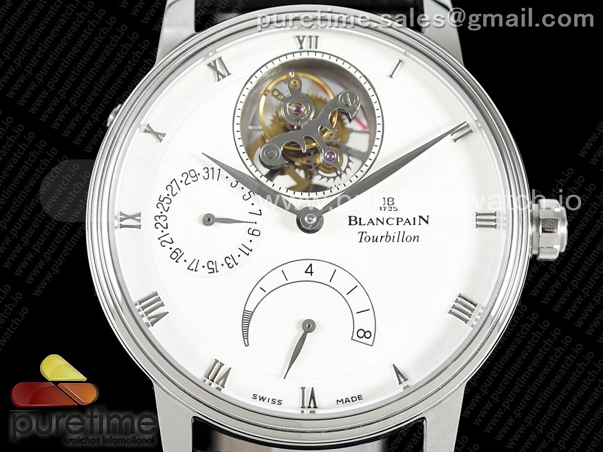 JBF V2 블랑팡 빌예레 뚜르비옹 화이트다이얼 블랙가죽스트랩 Villeret Tourbillon SS Real PR JBF Best Edition White Dial on Black Leather Strap V2 > 블랑팡(BLANCPAIN)
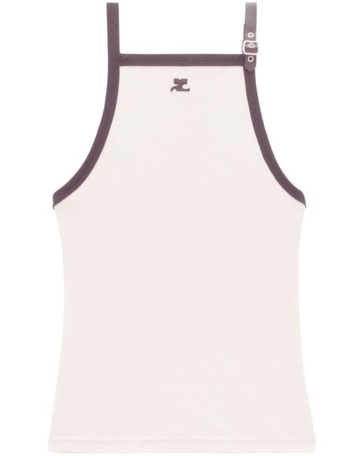 Highlightssand beige/blackcottonappliqué logobuckle-detail shoulder strapcontrasting trimsquare necksleevelessstraight hem
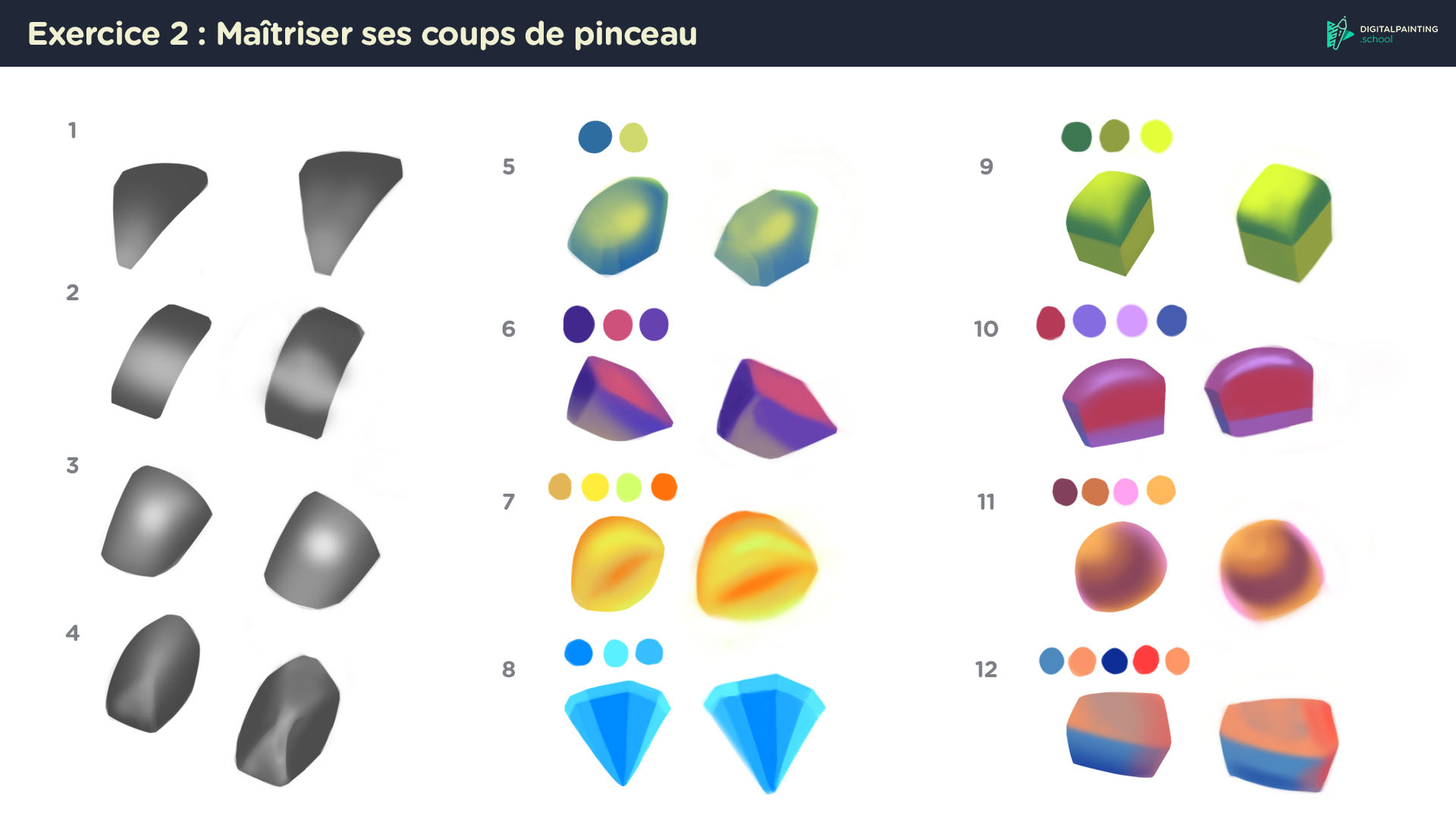 Re bonjour tout le monde ! Après environ 3-4h de travail j'ai enfin réussi à finir le deuxième exercice. Alors petit soucis principalement sur les deux dernières formes, je n'ai pas su comment avoir un effet de flou aussi présent que dans les exemples. Sachant que j'ai utilisé le brunch soft du pack avec 15% de flux pour essayer de m'en rapprocher. Hâte des retours et conseils !
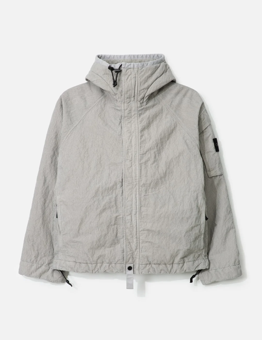 - Stone Island - Wrinkled Corduroy 500-TC Hooded Jacket - Made of cotton and nylon blend fabric - Weaved with monofilament nylon for a wrinkled appearance - Garment dyed - Polyester insulation - Padded hood with drawstring and snaps at the back - Raglan sleeves - Two-way concealed zip fastening - Two side zip pockets - Interior buttoned pocket - Bellows pocket on the left sleeve with Stone Island badge - Elasticated tape cuffs - Color: Pearl Grey - Material: 76% Cotton, 24% Polyamide; Padding: 100% Polyester - See more Jackets and Clothing - Model wears size M - Model measures: Height 186cm, Chest 34”/86cm, Waist 28”/71cm, Hip 36”/91cm - Vendor Code: S15 4100056 S0229
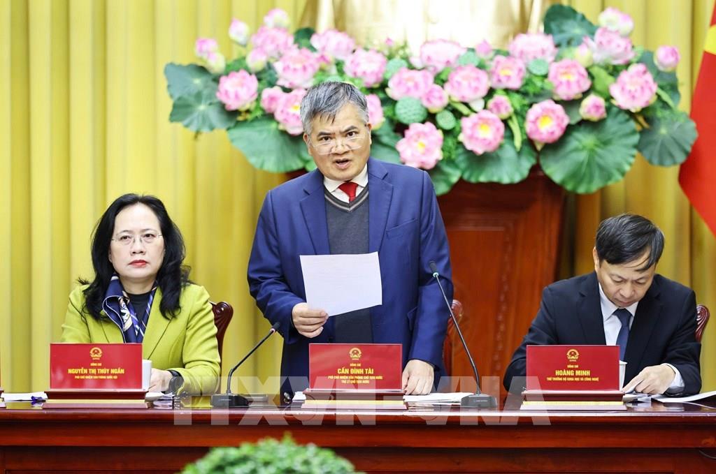 Phó Chủ nhiệm Văn phòng Chủ tịch nước, Trợ lý Chủ tịch nước Cấn Đình Tài, chủ trì Họp báo. Ảnh: Minh Đức - TTXVN
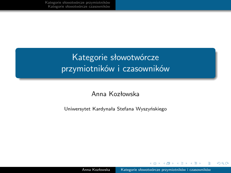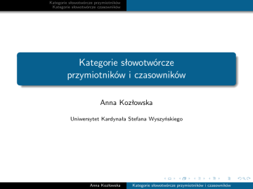 Kategorie słowotwórcze przymiotników Kategorie słowotwórcze czasowników Kategorie słowotwórcze przymiotników i czasowników Anna Kozłowska Uniwersytet Kardynała Stefana Wyszyńskiego Anna Kozłowska Kategorie słowotwórcze przymiotników i czasowników Kategorie słowotwórcze przymiotników Kategorie słowotwórcze czasowników 1 Kategorie słowotwórcze przymiotników 2 Kategorie słowotwórcze czasowników Anna Kozłowska Kategorie słowotwórcze przymiotników i czasowników Kategorie słowotwórcze przymiotników Kategorie słowotwórcze czasowników Derywaty odprzymiotnikowe 1. Derywaty gradacyjne. Przykłady: bledszy, mądrzejszy, zielonkawy, niedorozwinięty, superciekawy, ekstramocny, najkrótszy. 2. Expressiva. Przykłady: świeżutki, maluśki, miluchny. 3. Antonimy (derywaty negacyjne). Przykłady: nieludzki, antyromantyczny, irracjonalny, aspołeczny. Anna Kozłowska Kategorie słowotwórcze przymiotników i czasowników Kategorie słowotwórcze przymiotników Kategorie słowotwórcze czasowników Derywaty odrzeczownikowe – typy użyć użycia subiektowe, np. dziecięca (mowa), uczniowski (wybryk) użycia obiektowe, np. (urzędnik) podatkowy, (pług) śnieżny użycia posesywne (dzierżawcze), np. babcine (okulary), (dobro) narodowe użycia instrumentowe, np. (wycieczka) samolotowa, (rozmowa) telefoniczna użycia materiałowe, np. złoty (pierścionek), (chleb) żytni użycia genetyczne, np. kurze (jajko), (kość) słoniowa użycia charakterystyczne, np. garbaty, piegowaty, uczuciowy, silny, honorowy (człowiek) Anna Kozłowska Kategorie słowotwórcze przymiotników i czasowników Kategorie słowotwórcze przymiotników Kategorie słowotwórcze czasowników Derywaty odrzeczownikowe – typy użyć użycia subiektowe, np. dziecięca (mowa), uczniowski (wybryk) użycia obiektowe, np. (urzędnik) podatkowy, (pług) śnieżny użycia posesywne (dzierżawcze), np. babcine (okulary), (dobro) narodowe użycia instrumentowe, np. (wycieczka) samolotowa, (rozmowa) telefoniczna użycia materiałowe, np. złoty (pierścionek), (chleb) żytni użycia genetyczne, np. kurze (jajko), (kość) słoniowa użycia charakterystyczne, np. garbaty, piegowaty, uczuciowy, silny, honorowy (człowiek) Anna Kozłowska Kategorie słowotwórcze przymiotników i czasowników Kategorie słowotwórcze przymiotników Kategorie słowotwórcze czasowników Derywaty odrzeczownikowe – typy użyć użycia subiektowe, np. dziecięca (mowa), uczniowski (wybryk) użycia obiektowe, np. (urzędnik) podatkowy, (pług) śnieżny użycia posesywne (dzierżawcze), np. babcine (okulary), (dobro) narodowe użycia instrumentowe, np. (wycieczka) samolotowa, (rozmowa) telefoniczna użycia materiałowe, np. złoty (pierścionek), (chleb) żytni użycia genetyczne, np. kurze (jajko), (kość) słoniowa użycia charakterystyczne, np. garbaty, piegowaty, uczuciowy, silny, honorowy (człowiek) Anna Kozłowska Kategorie słowotwórcze przymiotników i czasowników Kategorie słowotwórcze przymiotników Kategorie słowotwórcze czasowników Derywaty odrzeczownikowe – typy użyć użycia subiektowe, np. dziecięca (mowa), uczniowski (wybryk) użycia obiektowe, np. (urzędnik) podatkowy, (pług) śnieżny użycia posesywne (dzierżawcze), np. babcine (okulary), (dobro) narodowe użycia instrumentowe, np. (wycieczka) samolotowa, (rozmowa) telefoniczna użycia materiałowe, np. złoty (pierścionek), (chleb) żytni użycia genetyczne, np. kurze (jajko), (kość) słoniowa użycia charakterystyczne, np. garbaty, piegowaty, uczuciowy, silny, honorowy (człowiek) Anna Kozłowska Kategorie słowotwórcze przymiotników i czasowników Kategorie słowotwórcze przymiotników Kategorie słowotwórcze czasowników Derywaty odrzeczownikowe – typy użyć użycia subiektowe, np. dziecięca (mowa), uczniowski (wybryk) użycia obiektowe, np. (urzędnik) podatkowy, (pług) śnieżny użycia posesywne (dzierżawcze), np. babcine (okulary), (dobro) narodowe użycia instrumentowe, np. (wycieczka) samolotowa, (rozmowa) telefoniczna użycia materiałowe, np. złoty (pierścionek), (chleb) żytni użycia genetyczne, np. kurze (jajko), (kość) słoniowa użycia charakterystyczne, np. garbaty, piegowaty, uczuciowy, silny, honorowy (człowiek) Anna Kozłowska Kategorie słowotwórcze przymiotników i czasowników Kategorie słowotwórcze przymiotników Kategorie słowotwórcze czasowników Derywaty odrzeczownikowe – typy użyć użycia subiektowe, np. dziecięca (mowa), uczniowski (wybryk) użycia obiektowe, np. (urzędnik) podatkowy, (pług) śnieżny użycia posesywne (dzierżawcze), np. babcine (okulary), (dobro) narodowe użycia instrumentowe, np. (wycieczka) samolotowa, (rozmowa) telefoniczna użycia materiałowe, np. złoty (pierścionek), (chleb) żytni użycia genetyczne, np. kurze (jajko), (kość) słoniowa użycia charakterystyczne, np. garbaty, piegowaty, uczuciowy, silny, honorowy (człowiek) Anna Kozłowska Kategorie słowotwórcze przymiotników i czasowników Kategorie słowotwórcze przymiotników Kategorie słowotwórcze czasowników Derywaty odrzeczownikowe – typy użyć użycia subiektowe, np. dziecięca (mowa), uczniowski (wybryk) użycia obiektowe, np. (urzędnik) podatkowy, (pług) śnieżny użycia posesywne (dzierżawcze), np. babcine (okulary), (dobro) narodowe użycia instrumentowe, np. (wycieczka) samolotowa, (rozmowa) telefoniczna użycia materiałowe, np. złoty (pierścionek), (chleb) żytni użycia genetyczne, np. kurze (jajko), (kość) słoniowa użycia charakterystyczne, np. garbaty, piegowaty, uczuciowy, silny, honorowy (człowiek) Anna Kozłowska Kategorie słowotwórcze przymiotników i czasowników Kategorie słowotwórcze przymiotników Kategorie słowotwórcze czasowników Derywaty odrzeczownikowe – typy użyć użycia subiektowe, np. dziecięca (mowa), uczniowski (wybryk) użycia obiektowe, np. (urzędnik) podatkowy, (pług) śnieżny użycia posesywne (dzierżawcze), np. babcine (okulary)
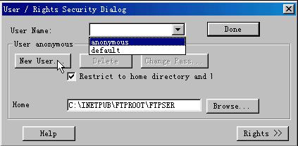 三、使用FTPD1、建立新的FTP帐号。①选菜单“Security→Users/rights”即进入用户属性窗口。如下图:

WHAT THE TASK ASKS
In the listing above, find the line containing "Highlightssand beige/blackcottonappliqué logobuckle-detail" and the line containing "Re bonjour tout", then return both of them and every line between, exactly, without pictures.

TASK RESULT
 Highlightssand beige/blackcottonappliqué logobuckle-detail shoulder strapcontrasting trimsquare necksleevelessstraight hem
 Re bonjour tout le monde ! Après environ 3-4h de travail j'ai enfin réussi à finir le deuxième exercice. Alors petit soucis principalement sur les deux dernières formes, je n'ai pas su comment avoir un effet de flou aussi présent que dans les exemples. Sachant que j'ai utilisé le brunch soft du pack avec 15% de flux pour essayer de m'en rapprocher. Hâte des retours et conseils !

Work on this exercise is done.